Which brings me back to my second question: Are we a demoralized bunch or what? If you look at Hollywood as a cultural reflection of what’s happening in America, then it’s obvious this nation is desperate for a hero. Hollywood is happy to supply them for us this summer, in all sorts of shapes and sizes (but, sadly, not genders. Where action heroes are concerned, women still need not apply.)
Iron Man started things off, but we have a new Indiana Jones movie, Will Smith as “Hancock,” Prince Caspian, and The Incredible Hulk all headed to movie screens this summer. That’s not including trusty stalwarts like Batman and James Bond, too. Surely one of these superheroes can save us!

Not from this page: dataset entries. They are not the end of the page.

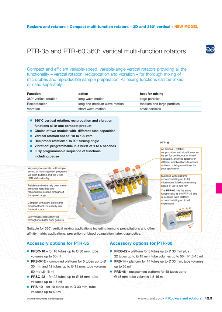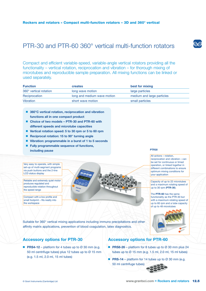 Ptr 35 And Ptr 60 360 Vertical Multi Function Rotators From Grant Instruments Ltd Selectscience
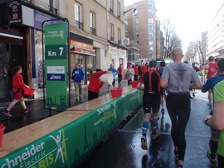 Rue de Reuilly 10.07 Uhr / Km 7,0 Jeweils in der Mitte zweier Verpflegungsstände gab es noch Wasser-Stand für Schwämme. Aber nichts zu trinken. Okay... rein theoretisch konnte man das Wasser schon trinken, aber ich würde es nicht empfehlen. |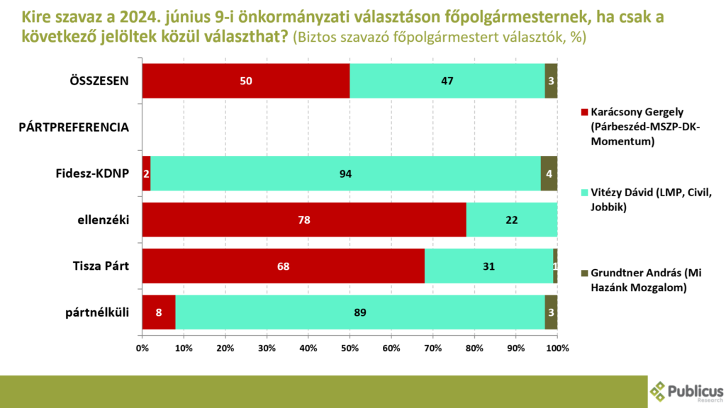 A Publicus Intézet a 2024. június 4 – 6. között 1042 fő budapesti megkérdezésével készített és június 8-án nyilvánosságra hozott reprezentatív közvéleménykutatása azt vizsgálta, hogy a fővárosiak kire szavaznának a 2024. június 9-i önkormányzati választáson.

It’s easy to see why we’re desperate for a hero. We’ve been let down in a hundred different ways, big and small: Hurricane Katrina, the Iraq War, Abu Ghraib, and warrantless wiretapping, not to mention sleazy sex scandals and corporate misdeeds. There’s the real estate meltdown and the mortgage crisis which has tattered our economy. All is not well, and it would be so much easier if someone in a Lycra suit could just swoop down and save us from this mess.
The problem is that this is the same thinking that got us into this mess to begin with. Remember, it was a tough-talkin’, swaggerin’ George W. Bush who promised to save us from the embarrassment of a presidential blow job last time around. He spoke all the right Hollywood lines about wanting Osama dead or alive. Remember “bring them on”? If there’s one thing we’ve learned over the past seven years it’s that Hollywood one-liners are no substitute for an effective foreign policy.

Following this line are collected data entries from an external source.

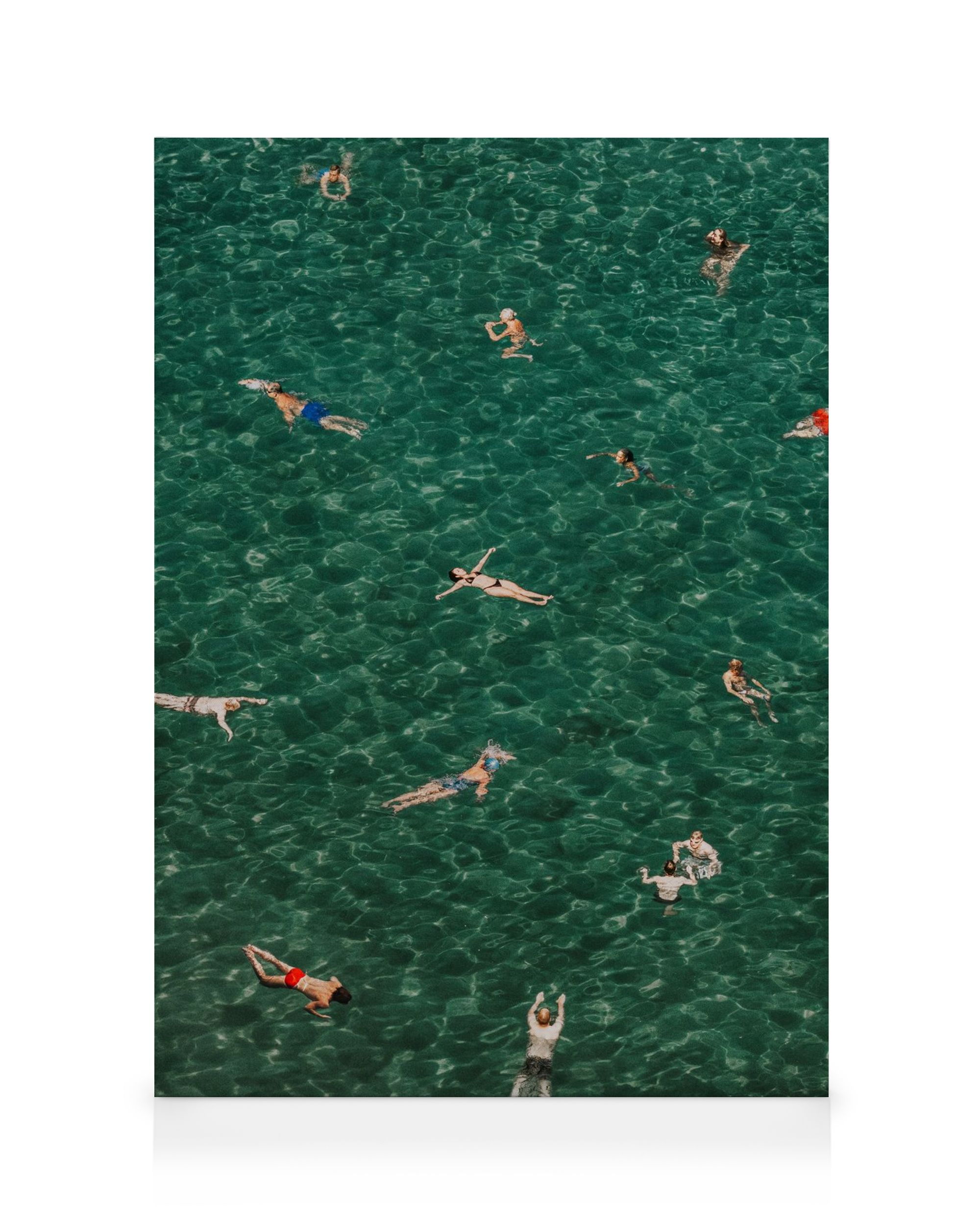 Ab CHF 41.95Drei Leinwandbilder mit einer Küstenstadt, Schwimmern in grünem Wasser und einem Auto mit Gepäck in grünen und beigen Tönen.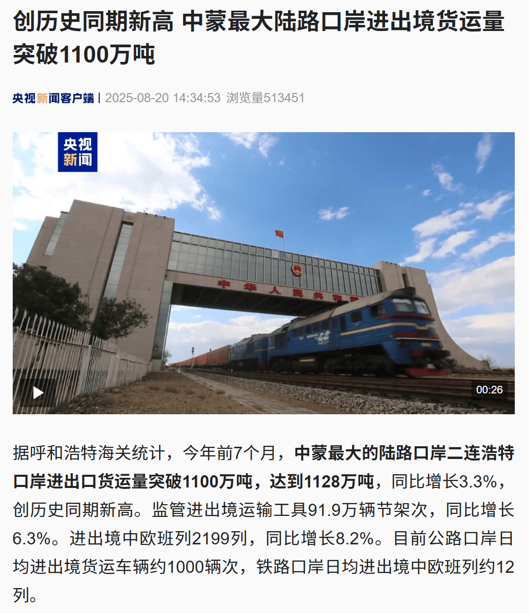 ●8月20日,《央视新闻》客户端发布文章《创历史同期新高 中蒙最大陆路口岸进出境货运量突破1100万吨》。(二连海关供稿)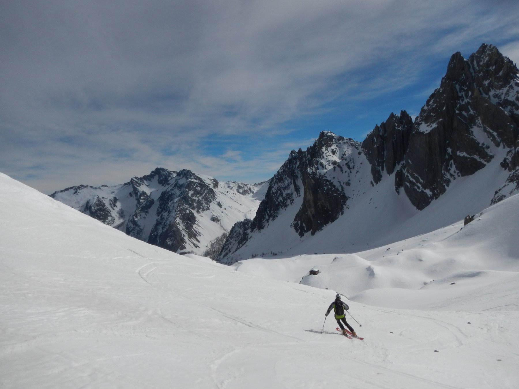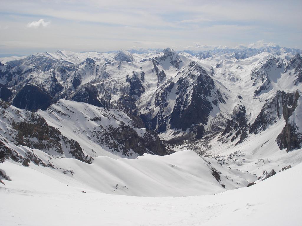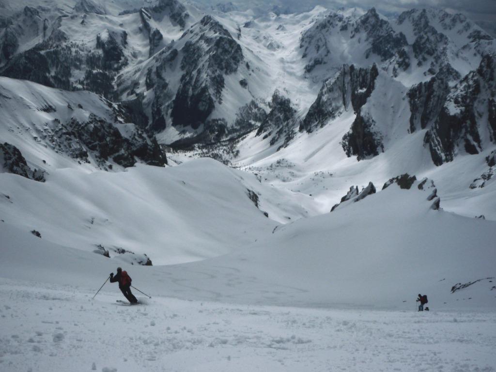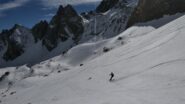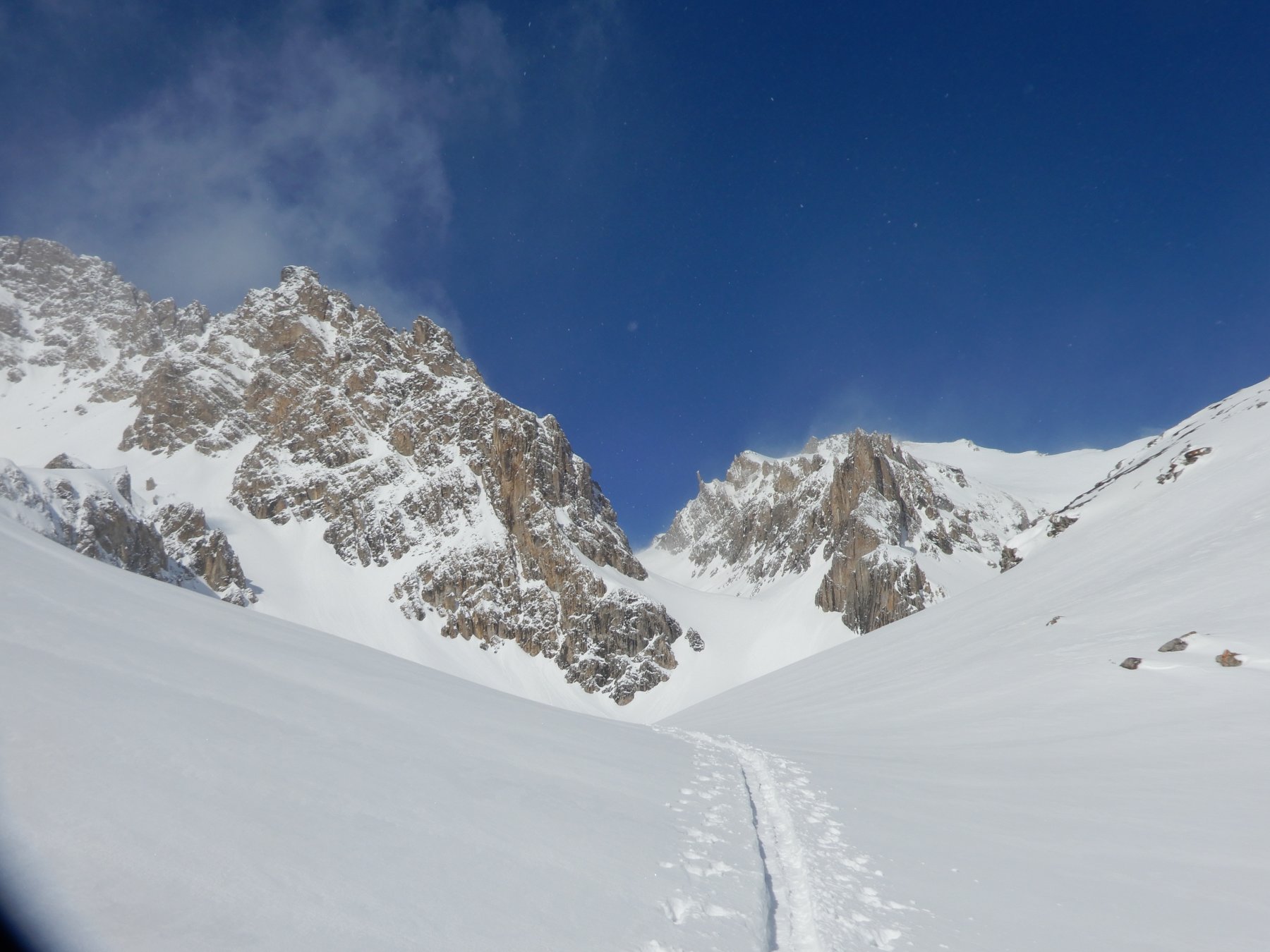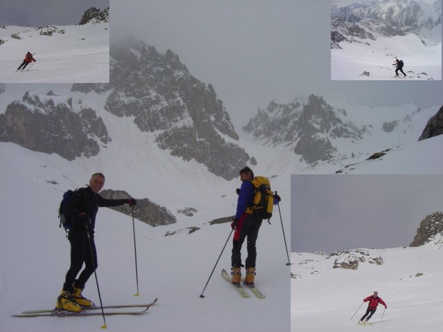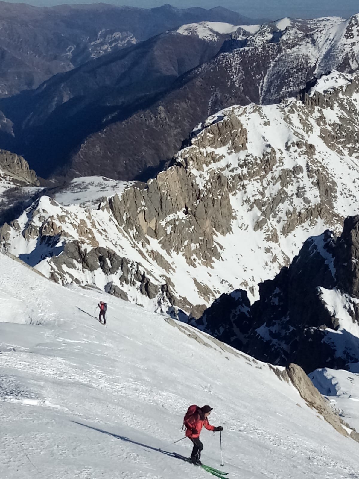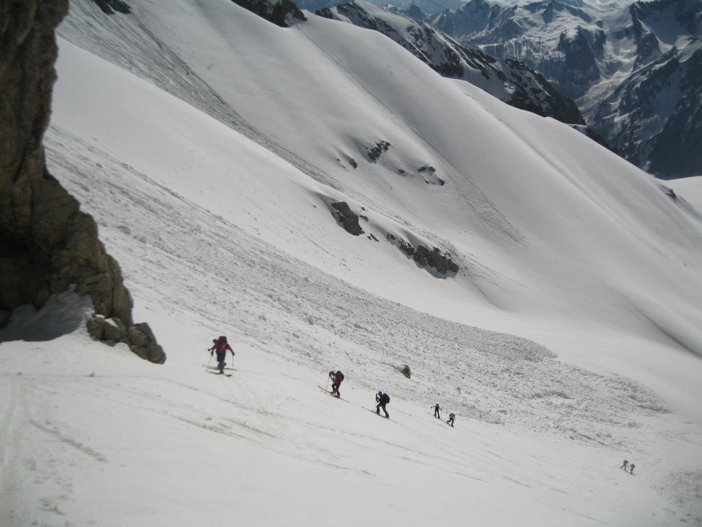 Da qui il percorso diventa alpinistico: si scende la cresta nevosa che si restringe e forma un’insellatura tra le due vette. Si supera un salto roccioso (aggirabile scendendo a sx su ripido traveso) che porta sul filo di cresta ed alla calotta nevosa finale (croce di ferro).

I know there are people who just want to “kick butt” and get on with it. They’ve got itchy trigger fingers and want to blow all the bad guys away. These are the same people who thought invading Iraq was a great idea, who bought that bullshit about how we’re “bringing democracy to the Middle East.” They are the same people who keep getting “terrorists” confused with “insurgents,” and who don’t know their Sunni from their Shia.
Well, grow up, people. You know, it’s bad enough that we have Congressmen and Supreme Court Justices acting like Jack Bauer is a real person. Story lines like this only feed that lizard brain element of the American psyche.

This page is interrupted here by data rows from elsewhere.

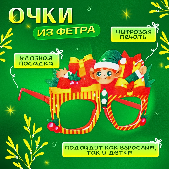 Carnival glasses “New Year's gift” - funny glasses with the image of a smiling elf, surrounded by festive gifts, will create a unique festive mood.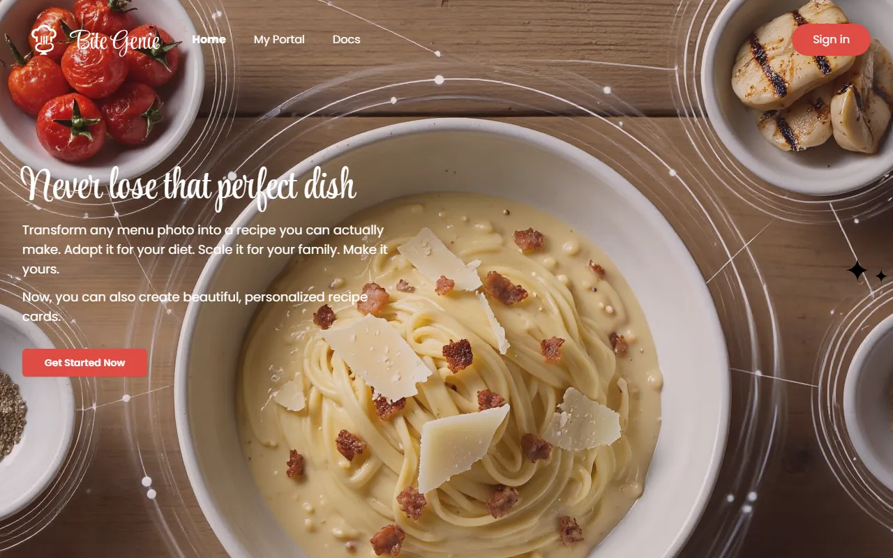 BiteGenie turns menu photos into AI-generated recipes with smart organization and stylish sharing.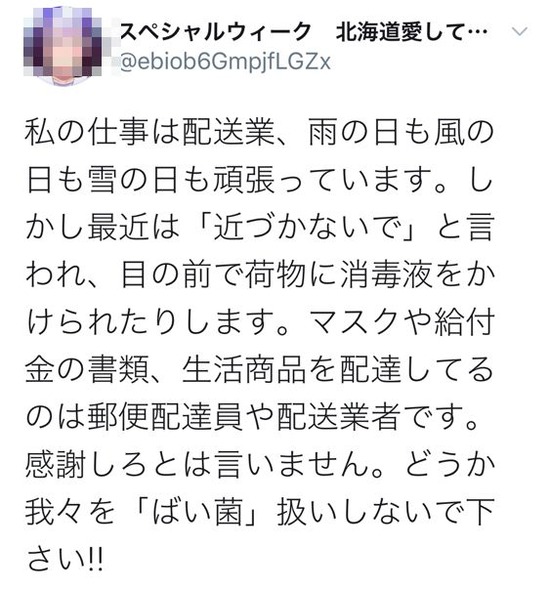 【画像】配送業さん、心ない人々に消毒液をかけられる「私たちをバイ菌扱いしないで」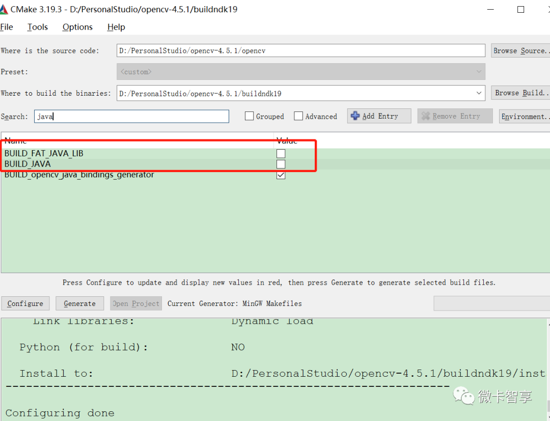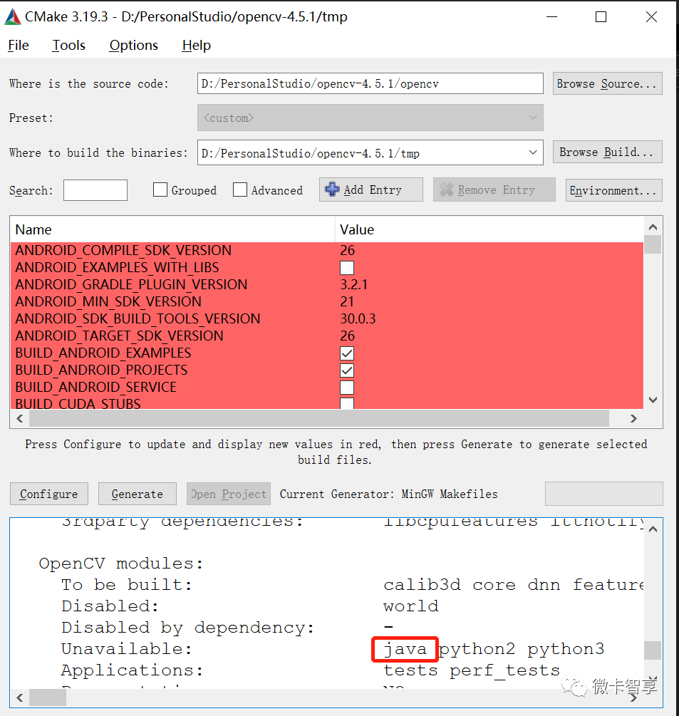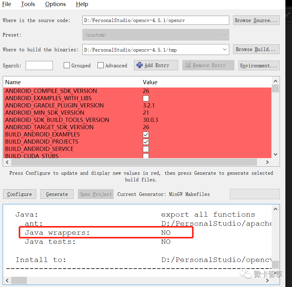 重新Configure后,发现JAVA还是无法built,下面的Java wrappers也是自动为NO。研究了好久,包括一步步的看OpenCV源码里的cmakelist的步骤,大概判断了应该还是我的环境问题,但是找不出具体的原因来。

Here’s the thing: the world is complicated. Our relationship with other nations is complicated. America isn’t always the good guy, either. Things are not as easy as blowing the bad guys away and all our troubles are gone. This stuff is hard, and there are no simple answers.
We can no longer afford to indulge in this national fantasy life. There are no heroes coming to save us. We have to roll up our sleeves and do the hard work ourselves, people. That means educating ourselves about our world and this country’s place in it. That means taking the appropriate actions, not just in the voting booth but with our wallets too, with the choices we make every day. It’s not going to be easy or comfortable, in fact it may hurt. But there’s no other choice. The man in the Lycra suit isn’t going to save us because he doesn’t exist.
Because, you all know what a hero is, don’t you? It’s just a sandwich. Nothing more.